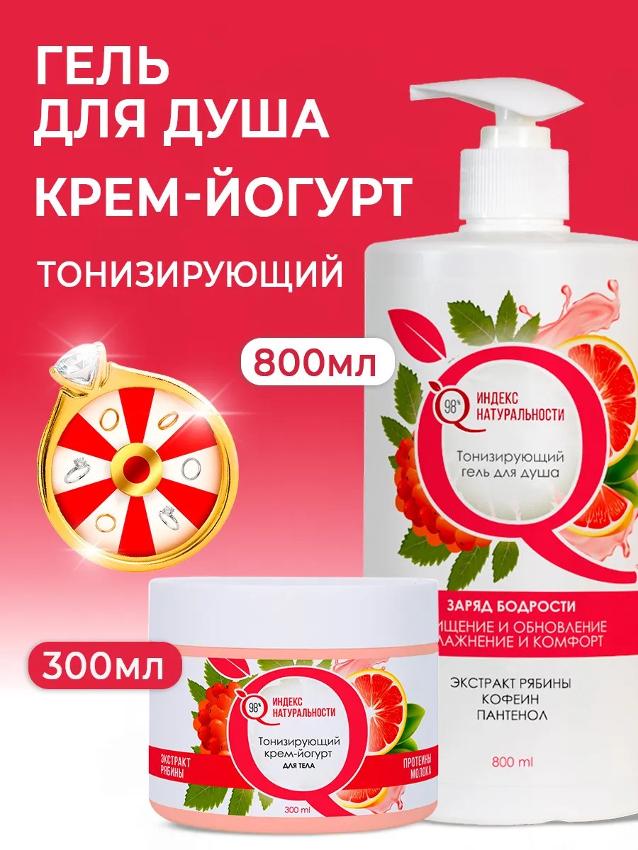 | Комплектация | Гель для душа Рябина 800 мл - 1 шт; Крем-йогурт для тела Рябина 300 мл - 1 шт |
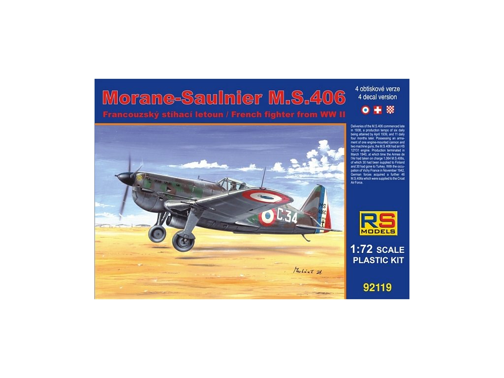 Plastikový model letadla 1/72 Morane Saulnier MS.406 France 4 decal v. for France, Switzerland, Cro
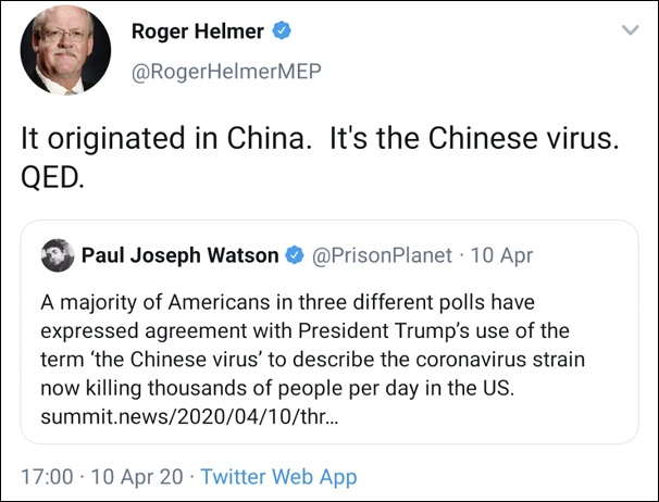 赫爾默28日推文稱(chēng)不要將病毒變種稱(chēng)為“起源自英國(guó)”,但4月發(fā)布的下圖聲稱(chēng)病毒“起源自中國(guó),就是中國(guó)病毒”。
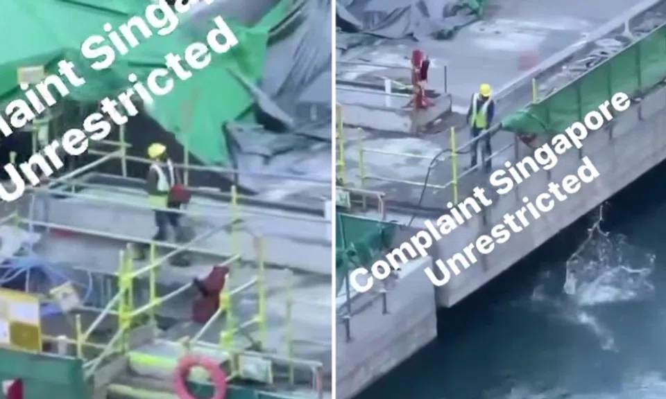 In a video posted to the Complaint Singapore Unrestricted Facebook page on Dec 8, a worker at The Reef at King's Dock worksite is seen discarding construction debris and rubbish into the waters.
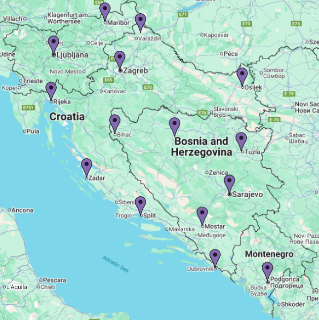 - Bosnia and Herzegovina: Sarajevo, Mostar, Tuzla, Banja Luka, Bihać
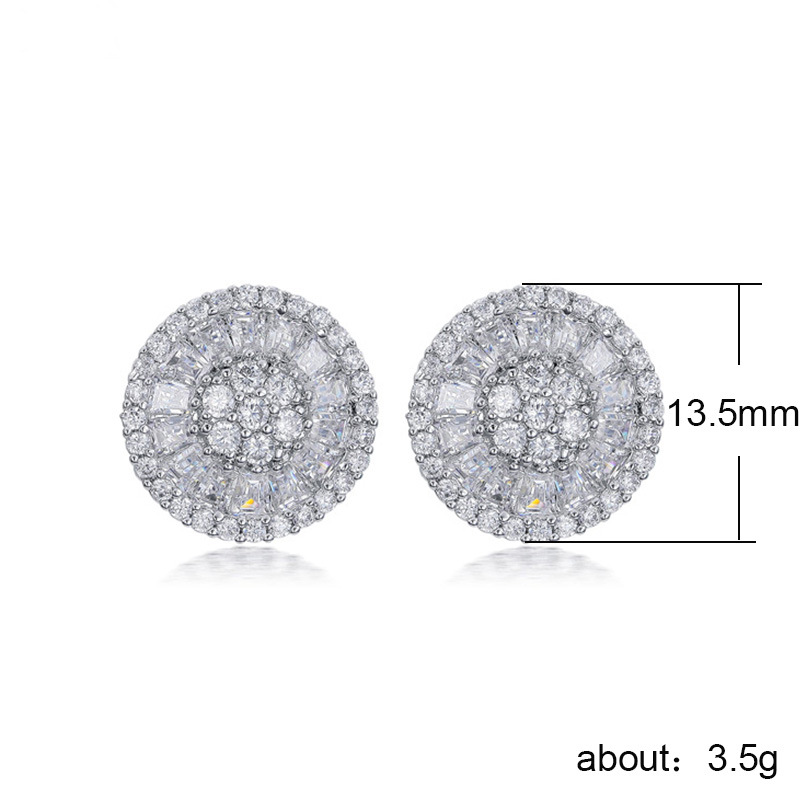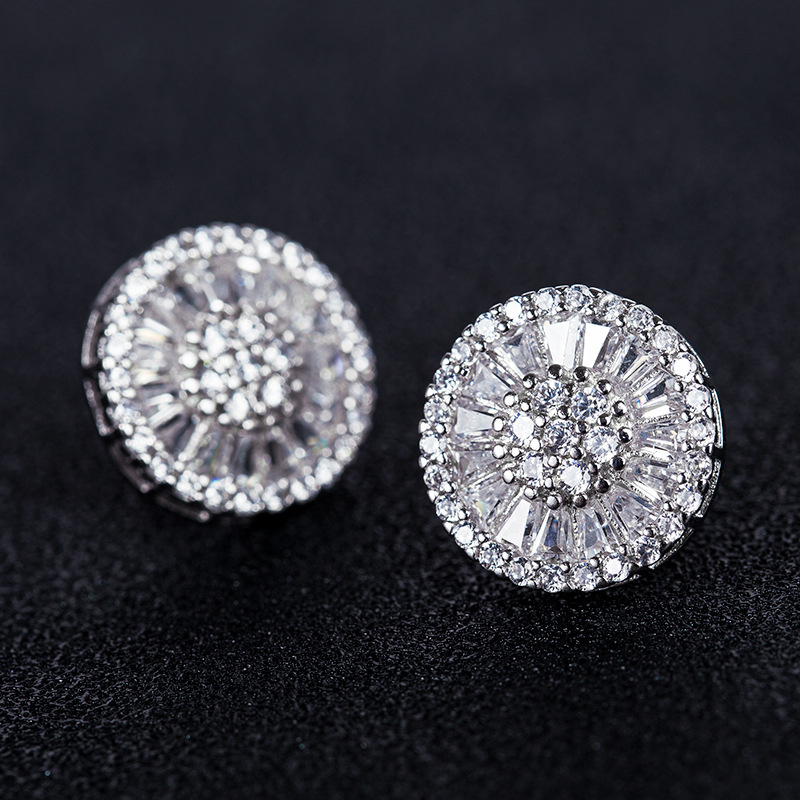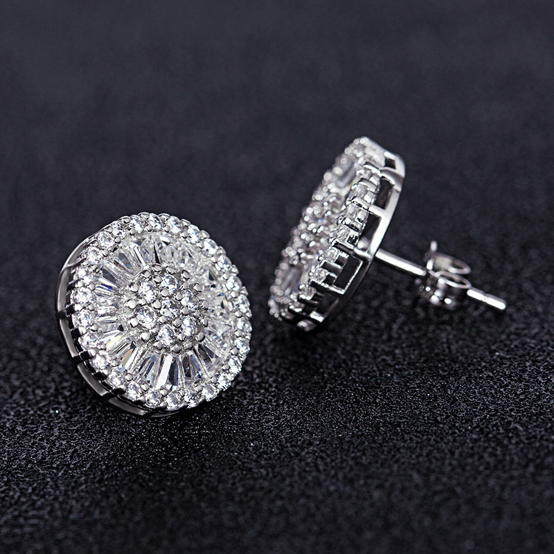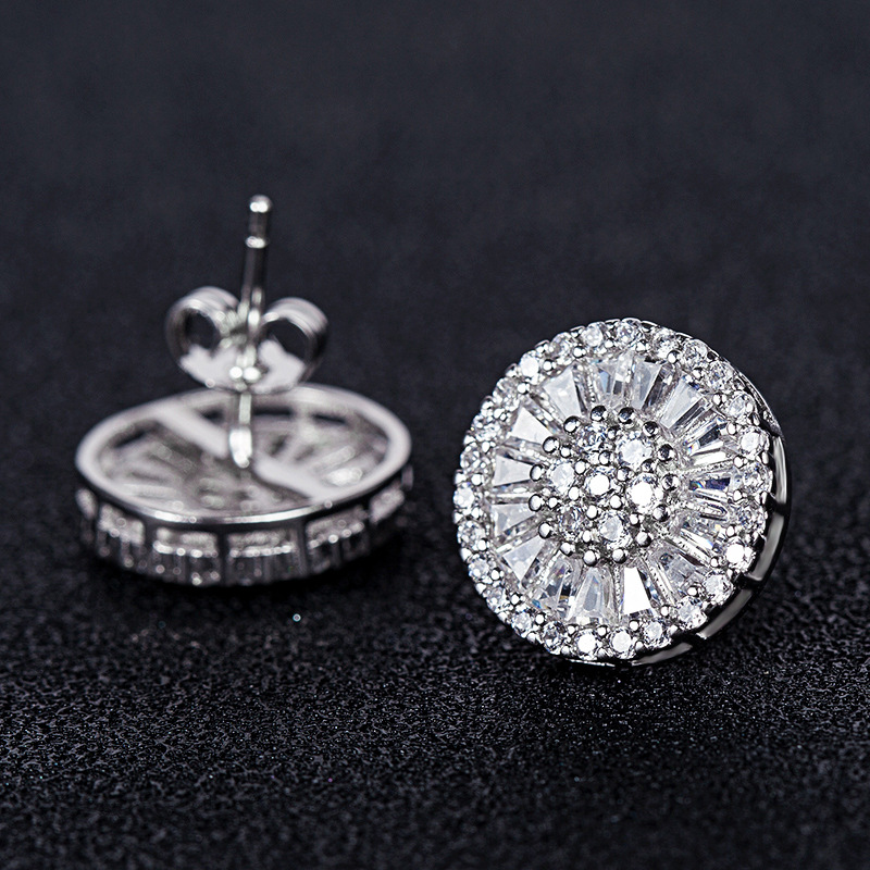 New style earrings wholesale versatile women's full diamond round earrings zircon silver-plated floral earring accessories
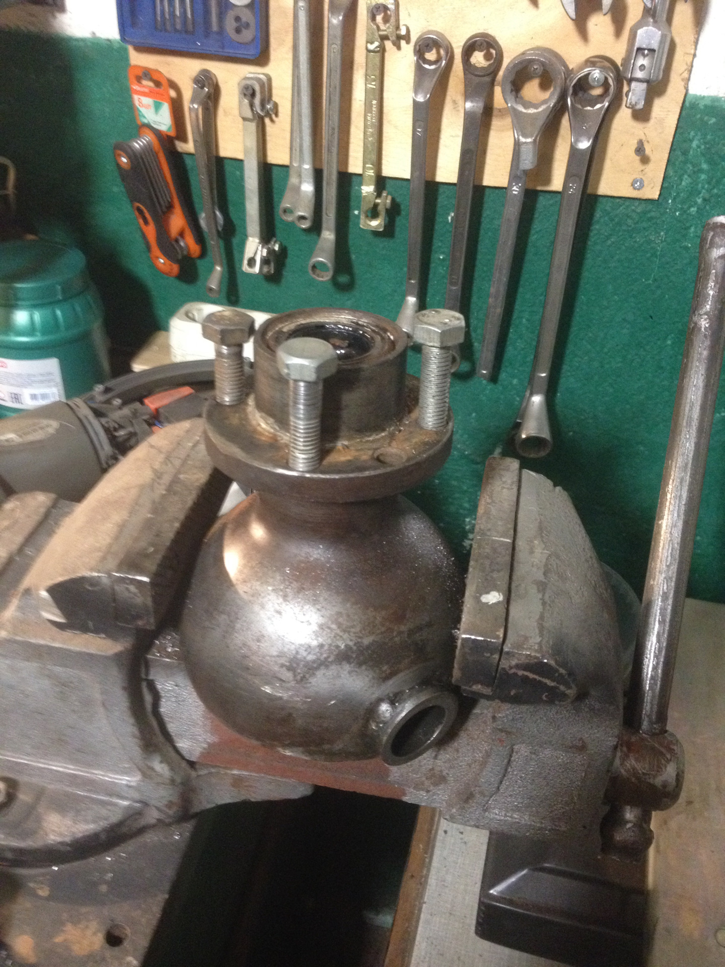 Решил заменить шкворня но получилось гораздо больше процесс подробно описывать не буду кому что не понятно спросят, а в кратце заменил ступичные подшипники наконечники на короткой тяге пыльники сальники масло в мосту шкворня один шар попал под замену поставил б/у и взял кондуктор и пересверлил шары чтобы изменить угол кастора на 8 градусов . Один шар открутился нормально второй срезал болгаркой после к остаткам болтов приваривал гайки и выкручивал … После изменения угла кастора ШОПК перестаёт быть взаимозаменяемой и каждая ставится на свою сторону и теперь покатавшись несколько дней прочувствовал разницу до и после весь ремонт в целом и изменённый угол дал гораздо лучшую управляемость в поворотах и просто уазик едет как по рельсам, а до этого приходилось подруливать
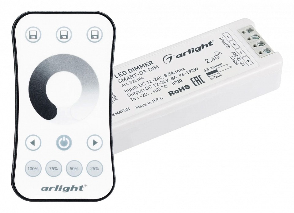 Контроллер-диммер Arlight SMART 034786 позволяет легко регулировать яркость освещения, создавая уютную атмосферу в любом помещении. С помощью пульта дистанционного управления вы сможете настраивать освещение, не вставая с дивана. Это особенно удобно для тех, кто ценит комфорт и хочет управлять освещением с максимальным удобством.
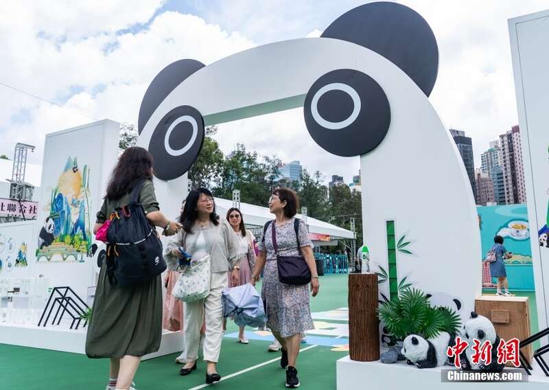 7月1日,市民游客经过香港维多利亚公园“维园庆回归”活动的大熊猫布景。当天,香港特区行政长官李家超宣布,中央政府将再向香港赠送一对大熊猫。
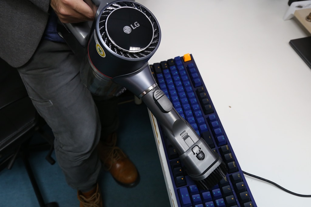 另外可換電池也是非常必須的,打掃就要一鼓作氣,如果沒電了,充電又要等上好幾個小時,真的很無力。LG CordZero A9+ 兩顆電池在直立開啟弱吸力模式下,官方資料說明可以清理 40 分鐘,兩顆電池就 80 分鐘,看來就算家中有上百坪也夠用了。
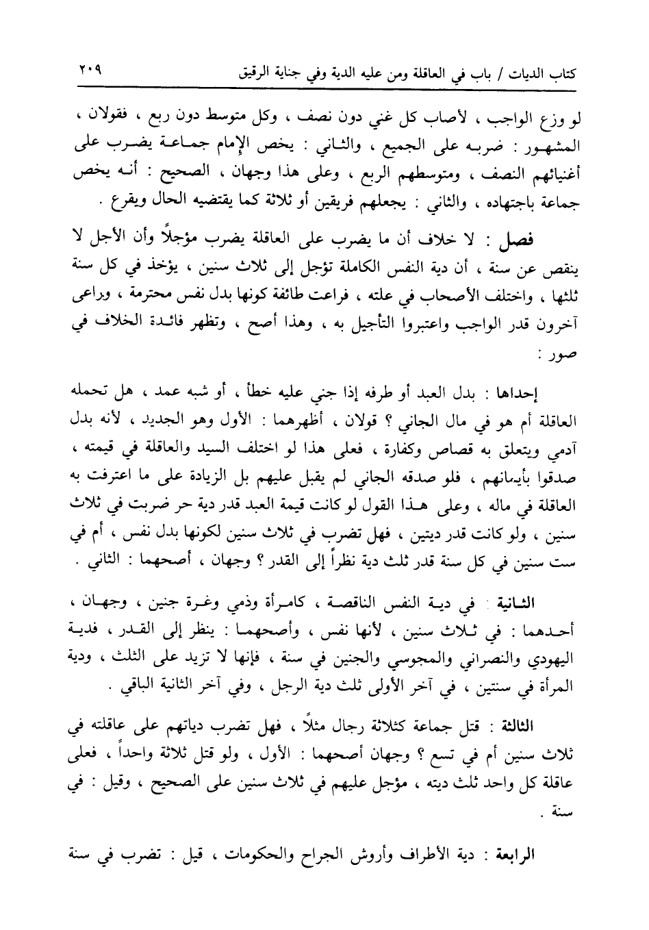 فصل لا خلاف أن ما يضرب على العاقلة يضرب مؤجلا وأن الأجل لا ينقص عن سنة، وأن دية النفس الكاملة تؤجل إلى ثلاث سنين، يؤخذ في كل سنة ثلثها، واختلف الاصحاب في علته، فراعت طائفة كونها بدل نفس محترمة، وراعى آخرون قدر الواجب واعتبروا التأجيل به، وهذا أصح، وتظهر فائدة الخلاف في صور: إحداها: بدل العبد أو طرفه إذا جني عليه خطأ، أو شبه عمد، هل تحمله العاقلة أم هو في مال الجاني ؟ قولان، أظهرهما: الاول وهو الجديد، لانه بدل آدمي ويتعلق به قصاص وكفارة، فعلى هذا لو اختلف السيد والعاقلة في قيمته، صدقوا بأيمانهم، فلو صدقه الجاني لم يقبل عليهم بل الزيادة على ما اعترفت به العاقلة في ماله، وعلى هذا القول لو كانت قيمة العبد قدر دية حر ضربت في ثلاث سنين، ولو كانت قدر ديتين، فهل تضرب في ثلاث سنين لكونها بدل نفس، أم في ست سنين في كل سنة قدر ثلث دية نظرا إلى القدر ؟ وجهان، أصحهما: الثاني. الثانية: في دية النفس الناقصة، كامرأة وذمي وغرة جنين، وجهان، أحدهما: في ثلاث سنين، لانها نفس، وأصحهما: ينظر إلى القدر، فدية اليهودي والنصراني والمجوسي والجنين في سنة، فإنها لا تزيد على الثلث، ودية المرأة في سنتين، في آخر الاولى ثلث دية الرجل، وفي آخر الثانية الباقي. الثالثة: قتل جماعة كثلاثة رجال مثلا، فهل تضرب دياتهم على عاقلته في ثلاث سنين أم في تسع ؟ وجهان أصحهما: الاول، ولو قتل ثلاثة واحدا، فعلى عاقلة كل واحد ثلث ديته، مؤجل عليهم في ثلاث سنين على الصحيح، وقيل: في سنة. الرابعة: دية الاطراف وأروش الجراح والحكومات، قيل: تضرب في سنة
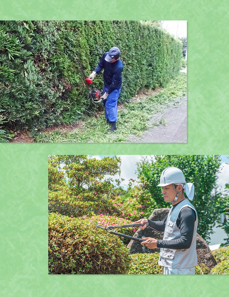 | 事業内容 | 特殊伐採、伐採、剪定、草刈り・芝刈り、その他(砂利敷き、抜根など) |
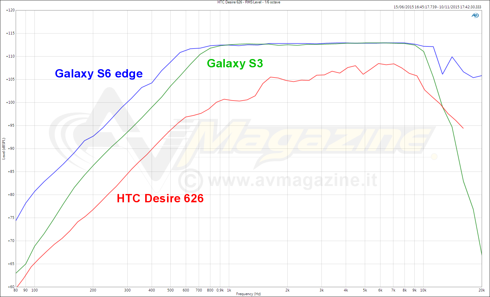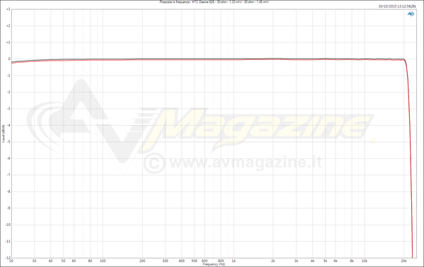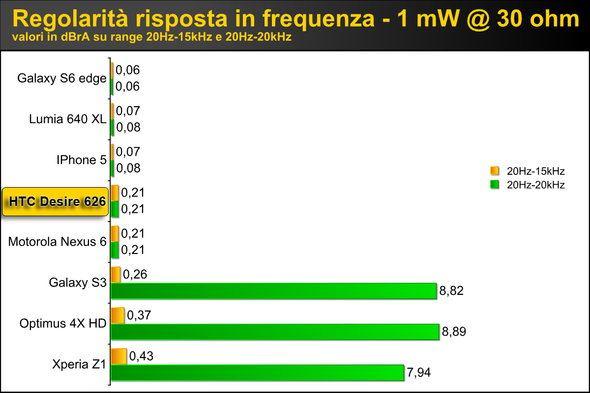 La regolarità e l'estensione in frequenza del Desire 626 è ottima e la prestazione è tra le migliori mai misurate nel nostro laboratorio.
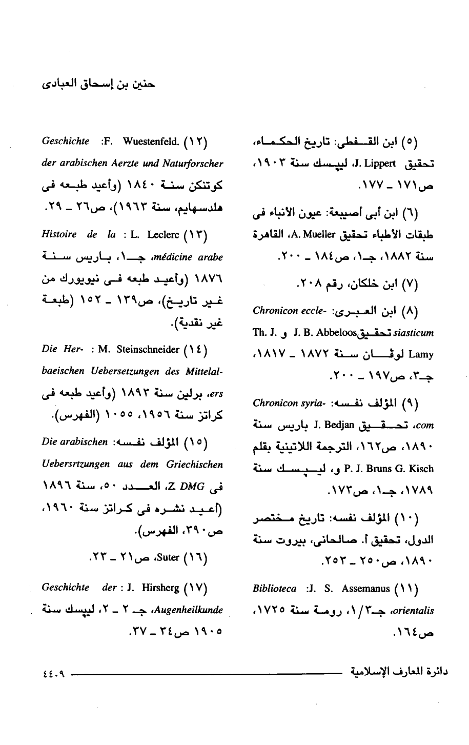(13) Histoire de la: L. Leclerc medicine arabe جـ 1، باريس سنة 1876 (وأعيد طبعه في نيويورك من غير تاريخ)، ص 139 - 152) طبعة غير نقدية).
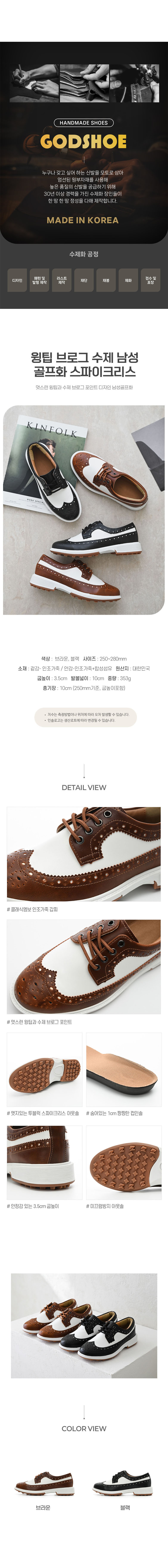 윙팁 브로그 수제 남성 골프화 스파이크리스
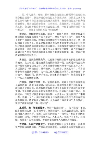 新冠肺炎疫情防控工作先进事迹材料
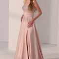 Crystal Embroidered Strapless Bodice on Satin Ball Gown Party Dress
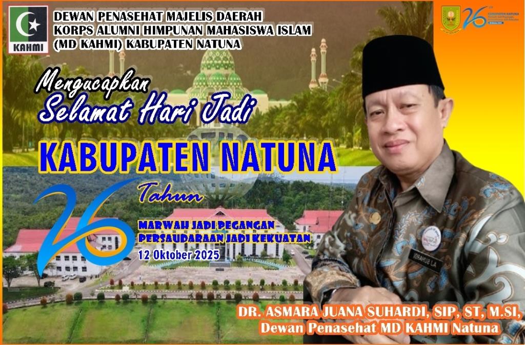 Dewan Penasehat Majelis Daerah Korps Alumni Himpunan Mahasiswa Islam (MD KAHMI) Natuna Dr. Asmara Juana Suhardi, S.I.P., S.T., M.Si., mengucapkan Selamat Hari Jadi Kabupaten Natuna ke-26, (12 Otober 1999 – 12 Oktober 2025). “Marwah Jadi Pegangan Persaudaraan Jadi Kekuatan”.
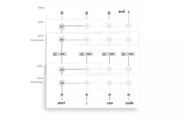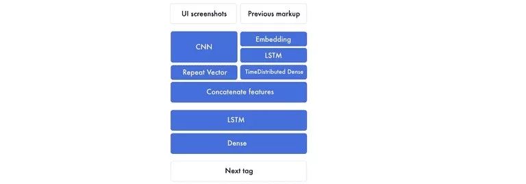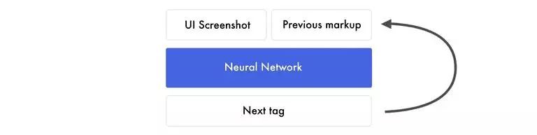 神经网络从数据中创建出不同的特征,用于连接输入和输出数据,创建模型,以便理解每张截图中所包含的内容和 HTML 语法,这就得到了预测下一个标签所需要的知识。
________________
● Work to complete
Each line from the first line of the records through the line containing "赫爾默28日推文稱(chēn" must be reproduced exactly, with both ends included and all pictures omitted; nothing else belongs in the answer.

● Answer area
 | Комплектация | Гель для душа Рябина 800 мл - 1 шт; Крем-йогурт для тела Рябина 300 мл - 1 шт |
 Plastikový model letadla 1/72 Morane Saulnier MS.406 France 4 decal v. for France, Switzerland, Cro
 赫爾默28日推文稱(chēng)不要將病毒變種稱(chēng)為“起源自英國(guó)”,但4月發(fā)布的下圖聲稱(chēng)病毒“起源自中國(guó),就是中國(guó)病毒”。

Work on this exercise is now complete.